• _Data under study_
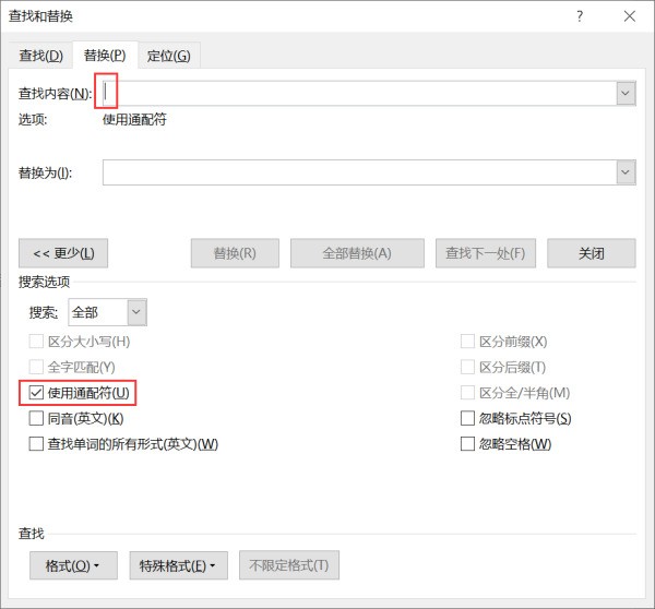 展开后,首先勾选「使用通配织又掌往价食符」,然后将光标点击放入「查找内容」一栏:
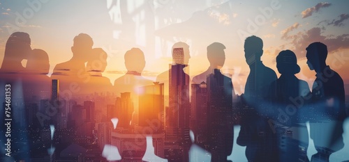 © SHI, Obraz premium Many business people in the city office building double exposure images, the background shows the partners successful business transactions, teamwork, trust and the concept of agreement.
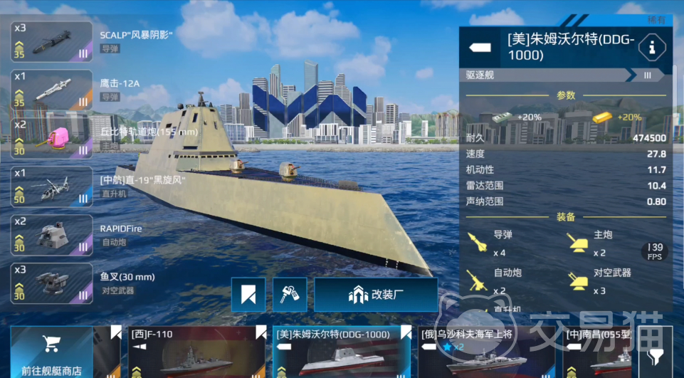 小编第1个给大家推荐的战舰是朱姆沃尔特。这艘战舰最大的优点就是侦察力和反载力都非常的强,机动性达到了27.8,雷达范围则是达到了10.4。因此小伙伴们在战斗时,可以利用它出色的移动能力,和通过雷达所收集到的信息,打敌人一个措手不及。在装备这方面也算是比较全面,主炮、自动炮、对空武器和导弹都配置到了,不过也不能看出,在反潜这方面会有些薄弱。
* * *
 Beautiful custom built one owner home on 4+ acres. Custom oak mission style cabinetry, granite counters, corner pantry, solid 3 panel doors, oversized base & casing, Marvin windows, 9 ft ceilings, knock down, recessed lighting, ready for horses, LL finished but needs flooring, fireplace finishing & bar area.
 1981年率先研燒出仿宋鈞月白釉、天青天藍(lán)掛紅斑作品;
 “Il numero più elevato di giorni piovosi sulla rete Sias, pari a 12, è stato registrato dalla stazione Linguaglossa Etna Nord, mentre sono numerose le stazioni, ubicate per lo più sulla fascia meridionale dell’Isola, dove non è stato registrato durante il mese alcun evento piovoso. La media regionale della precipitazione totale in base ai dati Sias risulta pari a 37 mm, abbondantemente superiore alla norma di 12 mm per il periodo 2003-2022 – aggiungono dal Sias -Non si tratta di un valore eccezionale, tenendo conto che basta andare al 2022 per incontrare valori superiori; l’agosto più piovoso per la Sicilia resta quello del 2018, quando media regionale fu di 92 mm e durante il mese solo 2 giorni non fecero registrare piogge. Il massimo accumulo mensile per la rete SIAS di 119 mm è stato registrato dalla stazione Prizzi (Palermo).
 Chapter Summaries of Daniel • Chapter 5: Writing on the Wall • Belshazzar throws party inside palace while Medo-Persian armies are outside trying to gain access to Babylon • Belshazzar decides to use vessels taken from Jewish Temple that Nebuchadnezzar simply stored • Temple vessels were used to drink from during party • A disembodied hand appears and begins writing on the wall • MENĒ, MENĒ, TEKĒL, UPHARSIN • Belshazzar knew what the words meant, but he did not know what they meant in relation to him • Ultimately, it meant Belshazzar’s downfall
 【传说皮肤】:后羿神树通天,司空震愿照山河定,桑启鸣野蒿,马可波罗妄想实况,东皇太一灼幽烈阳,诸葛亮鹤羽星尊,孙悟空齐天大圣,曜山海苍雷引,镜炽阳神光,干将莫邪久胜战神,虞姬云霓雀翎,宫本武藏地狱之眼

• _Task to complete_
Your answer must be everything above from the line with "展开后,首先勾选「使用通配织" down to the line with "小编第1个给大家推荐的战舰是", word for word, and no pictures.

• _The completed task_
 展开后,首先勾选「使用通配织又掌往价食符」,然后将光标点击放入「查找内容」一栏:
 © SHI, Obraz premium Many business people in the city office building double exposure images, the background shows the partners successful business transactions, teamwork, trust and the concept of agreement.
 小编第1个给大家推荐的战舰是朱姆沃尔特。这艘战舰最大的优点就是侦察力和反载力都非常的强,机动性达到了27.8,雷达范围则是达到了10.4。因此小伙伴们在战斗时,可以利用它出色的移动能力,和通过雷达所收集到的信息,打敌人一个措手不及。在装备这方面也算是比较全面,主炮、自动炮、对空武器和导弹都配置到了,不过也不能看出,在反潜这方面会有些薄弱。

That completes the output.